**GIVEN RECORDS**
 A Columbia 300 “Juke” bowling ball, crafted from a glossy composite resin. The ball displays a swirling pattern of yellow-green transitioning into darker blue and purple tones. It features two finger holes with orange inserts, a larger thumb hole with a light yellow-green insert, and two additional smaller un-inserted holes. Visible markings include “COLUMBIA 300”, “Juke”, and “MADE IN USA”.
...
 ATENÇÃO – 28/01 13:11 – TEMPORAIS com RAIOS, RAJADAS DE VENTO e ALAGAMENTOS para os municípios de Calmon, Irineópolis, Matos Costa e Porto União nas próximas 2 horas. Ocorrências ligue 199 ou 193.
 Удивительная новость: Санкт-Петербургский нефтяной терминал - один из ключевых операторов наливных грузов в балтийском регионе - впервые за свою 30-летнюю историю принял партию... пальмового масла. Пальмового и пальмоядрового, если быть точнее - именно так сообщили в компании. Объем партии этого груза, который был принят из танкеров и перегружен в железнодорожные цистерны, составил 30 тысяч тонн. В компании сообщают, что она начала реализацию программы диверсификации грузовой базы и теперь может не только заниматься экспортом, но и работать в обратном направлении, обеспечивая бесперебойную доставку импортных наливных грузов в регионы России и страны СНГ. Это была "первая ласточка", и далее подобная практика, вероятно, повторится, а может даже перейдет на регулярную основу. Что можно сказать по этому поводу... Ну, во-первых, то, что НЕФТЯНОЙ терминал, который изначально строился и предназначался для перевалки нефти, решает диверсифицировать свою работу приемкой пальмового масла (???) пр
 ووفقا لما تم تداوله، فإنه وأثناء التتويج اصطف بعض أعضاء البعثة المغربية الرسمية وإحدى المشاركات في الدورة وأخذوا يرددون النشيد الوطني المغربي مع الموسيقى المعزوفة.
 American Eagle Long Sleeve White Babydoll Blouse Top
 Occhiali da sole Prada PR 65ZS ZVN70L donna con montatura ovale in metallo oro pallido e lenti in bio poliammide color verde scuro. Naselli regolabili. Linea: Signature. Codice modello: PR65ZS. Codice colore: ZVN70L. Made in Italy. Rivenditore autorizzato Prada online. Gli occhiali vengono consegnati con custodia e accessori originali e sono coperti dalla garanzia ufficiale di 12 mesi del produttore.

**YOUR ASSIGNMENT**
For the listing above, print only the lines starting at the line containing "Удивительная новость: Санкт-Петербургский" and ending at the line containing "Occhiali da sole", exactly, both included.

**RESPONSE TO THE TASK**
 Удивительная новость: Санкт-Петербургский нефтяной терминал - один из ключевых операторов наливных грузов в балтийском регионе - впервые за свою 30-летнюю историю принял партию... пальмового масла. Пальмового и пальмоядрового, если быть точнее - именно так сообщили в компании. Объем партии этого груза, который был принят из танкеров и перегружен в железнодорожные цистерны, составил 30 тысяч тонн. В компании сообщают, что она начала реализацию программы диверсификации грузовой базы и теперь может не только заниматься экспортом, но и работать в обратном направлении, обеспечивая бесперебойную доставку импортных наливных грузов в регионы России и страны СНГ. Это была "первая ласточка", и далее подобная практика, вероятно, повторится, а может даже перейдет на регулярную основу. Что можно сказать по этому поводу... Ну, во-первых, то, что НЕФТЯНОЙ терминал, который изначально строился и предназначался для перевалки нефти, решает диверсифицировать свою работу приемкой пальмового масла (???) пр
 ووفقا لما تم تداوله، فإنه وأثناء التتويج اصطف بعض أعضاء البعثة المغربية الرسمية وإحدى المشاركات في الدورة وأخذوا يرددون النشيد الوطني المغربي مع الموسيقى المعزوفة.
 American Eagle Long Sleeve White Babydoll Blouse Top
 Occhiali da sole Prada PR 65ZS ZVN70L donna con montatura ovale in metallo oro pallido e lenti in bio poliammide color verde scuro. Naselli regolabili. Linea: Signature. Codice modello: PR65ZS. Codice colore: ZVN70L. Made in Italy. Rivenditore autorizzato Prada online. Gli occhiali vengono consegnati con custodia e accessori originali e sono coperti dalla garanzia ufficiale di 12 mesi del produttore.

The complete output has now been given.